Let’s look at the Wikipedia definition of a cloud

Cloud computing is the use of computing resources (hardware and software) that are delivered as a service over a network (typically the Internet). The name comes from the use of a cloud-shaped symbol as an abstraction for the complex infrastructure it contains in system diagrams. Cloud computing entrusts remote services with a user’s data, software and computation.

There are many types of public cloud computing:^[1]

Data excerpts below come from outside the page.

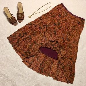 Liz Claiborne paisley tiered peasant dress with purple lining. Side zipper closure with hook and eye. In good used condition, size 10
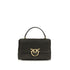 The Calfskin Love Lady Handbag by Pinko, front magnetic button closure, iconic gold-plated and embossed Love Birds logo on front, quilted and padded design, double interior compartment, sliding chain shoulder strap, flat rigid handle at top, interior flat pocket with zipper, iconic tone-on-tone embroidered brand monogram on back.
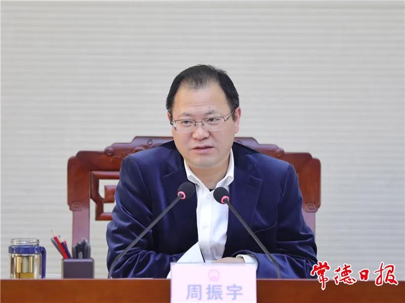 就抓好下阶段“三农”工作,周振宇强调,要坚持农业农村优先发展,以实施乡村振兴提速行动为统揽,立足常德的特色优势,围绕“强、富、美、稳”的目标,通过3至5年努力,加快把传统农业大市建设成为现代农业强市。“强”,即农业强。要大力建设全国生态农产品基地,打造千亿级健康食品产业集群,培育一批百亿级现代农业产业园区、百亿级农业产业化龙头企业,让“洞庭鱼米之乡”的品牌影响力、美誉度持续提升。“富”,即农民富。农民增收渠道要拓宽、致富能力要增强,进一步缩小城乡差距,实现共同富裕。“美”,即农村美。要通过持续的农村人居环境整治,建设一大批国家级、省级美丽乡村,让乡村更加宜居。“稳”,即粮食生产稳、乡村社会稳。要扛牢粮食安全政治责任,确保粮食等主要农产品供给保障有力。同时,确保乡村社会治理大局安全稳定。
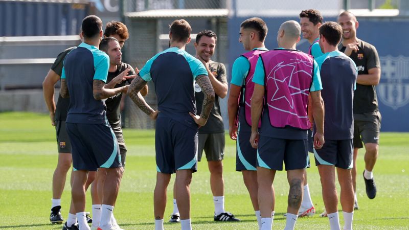 Barcelona's Spanish coach Xavi (C) talks with Barcelona's players during a training session ahead of the UEFA Champions League football match between FC Barcelona and Royal Antwerp FC, at the training ground in Sant Joan Despi, near Barcelona, on September 18, 2023. (Photo by LLUIS GENE / AFP)
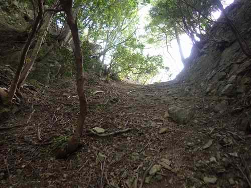 左右共に急傾斜な脆い岩に囲まれていて、登りだしたら
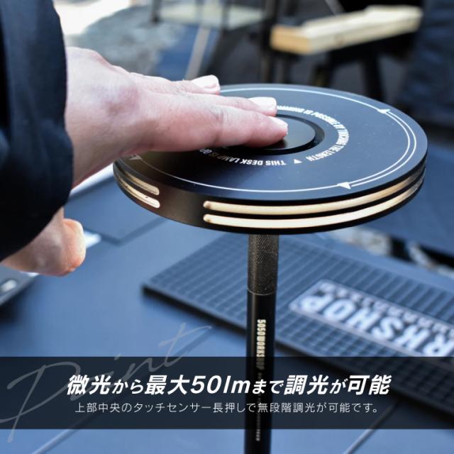 5050 WORKSHOPのTABLE LAMPは、インドアからアウトドアまでシームレスに活躍する卓上ライトです。
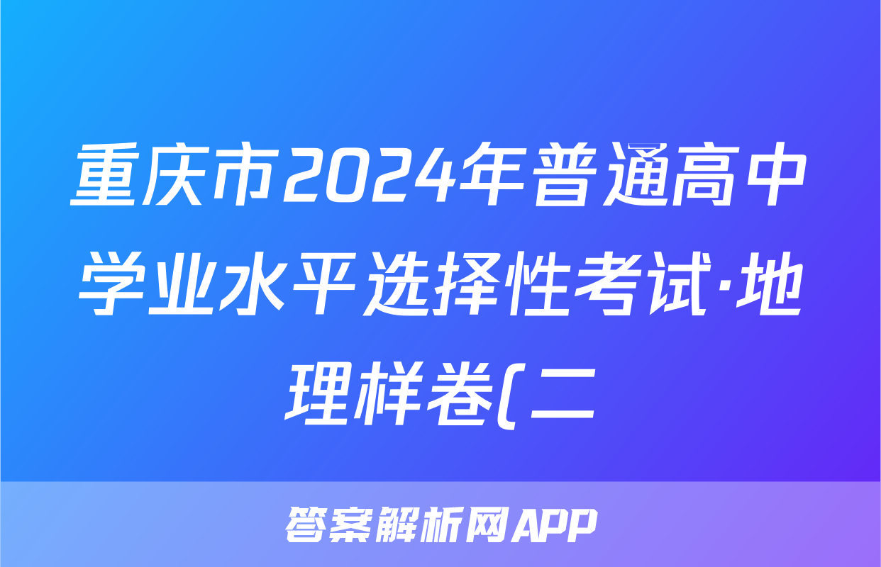 重庆市2024年普通高中学业水平选择性考试·地理样卷(二)2[24·(新高考)高考样卷·地理·CQ]试题正在持续更新,目前2024-2025英语周报答案网为大家整理了相关试题及答案,供大家查缺补漏,高效提升成绩。
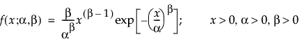 where α is a scale parameter, and β is a shape parameter. The Weibull distribution reduces to an exponential distribution when β = 1.
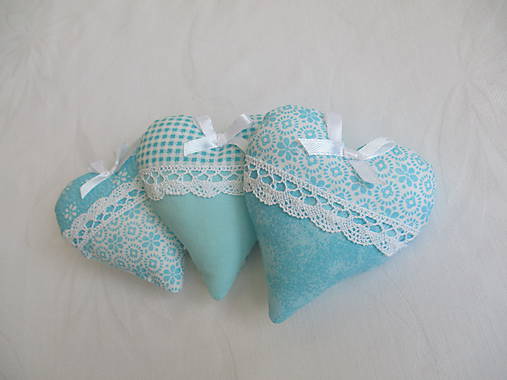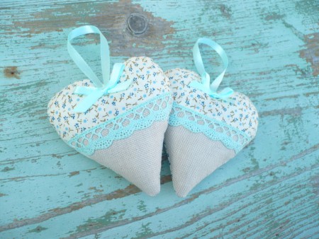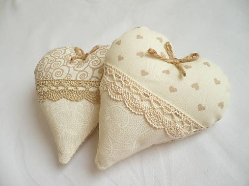 V jemných prírodných farbách,plnené polyesterovým vláknom v ktorom je pridaná levanduľa ktorá srdiečka krásne rozvonia.Zdobené bavlnenými krajkami v krémovej a ľanovej farbe, mašličkou z jutoviny(saténu).Spodná strana je vzorovaná.Vhodné ako darčeky pre svadobčanov,menovky, dekoráciu,alebo na akúkoľvek príležitosť.Vyrobím v akýchkoľvek farebných kombináciách podľa vášho želania.

• Infrastructure as a service (IaaS),
• Platform as a service (PaaS),
• Software as a service (SaaS)
• Storage as a service (STaaS)
• Security as a service (SECaaS)
• Data as a service (DaaS)
• Business process as a service (BPaaS)
• Test environment as a service (TEaaS)
• Desktop as a service (DaaS)
• API as a service (APIaaS)

In the strictest sense, cloud computing is not merely moving your software or services onto a server outside your firewall, but it’s enlisting a service with “cloud” properties, like flexible horizontal scalability through elasticity.  Cloud architecture is not at all uniform.  It also means different things to the vendors that provide the services, and they implement Cloud solutions however they choose.  Amazon, VMWare Cloud Foundry, Stackato and Azure are some of the hottest cloud architecture services out there today.

Consumer Cloud

From a consumers perspective, the cloud means that your data is stored on the Internet somewhere.  For example, the iCloud product from Apple keeps all your data in sync between computers and iOS devices.  The iTunes Match service stores your music on servers, and the same goes for the Google Music service.

Outsourced Cloud

To many IT professionals, the cloud is just a way to offload services they currently have in house to a server outside of their infrastructure that is managed, to varying levels, by someone else.  For example, many organizations have shifted from having internal mail servers, choosing to migrate to Google for Business, where every aspect of the infrastructure is managed by Google.  Another example might be moving your internal Microsoft Exchange mail server to a hosting provider who manages it for you.  The end result, again to varying degrees, is greater reliability and less burden and reliance on internal IT resources.  JFrog Artifactory for dependency management has a cloud service or a server you can download.  If I purchase this service, can I say that my dependency management is in the cloud regardless of how JFrog implements their cloud service?  The answer to this question is yes, but I don't really know exactly how 'cloudy' their implementation may be.

The True Cloud

While the cloud may mean different things to different people, preparing an application for a cloud architecture is not as simple as one might think.  There are all kinds of decisions that need to be made and coding practices that should be adhered to.  Typically, if you follow Java conventions, then you won’t have much of an issue with cloud deployments.  Let’s look at an example Java web application and some of the concerns that need to be addressed prior to cloud deployment to a service such as Cloud Foundry.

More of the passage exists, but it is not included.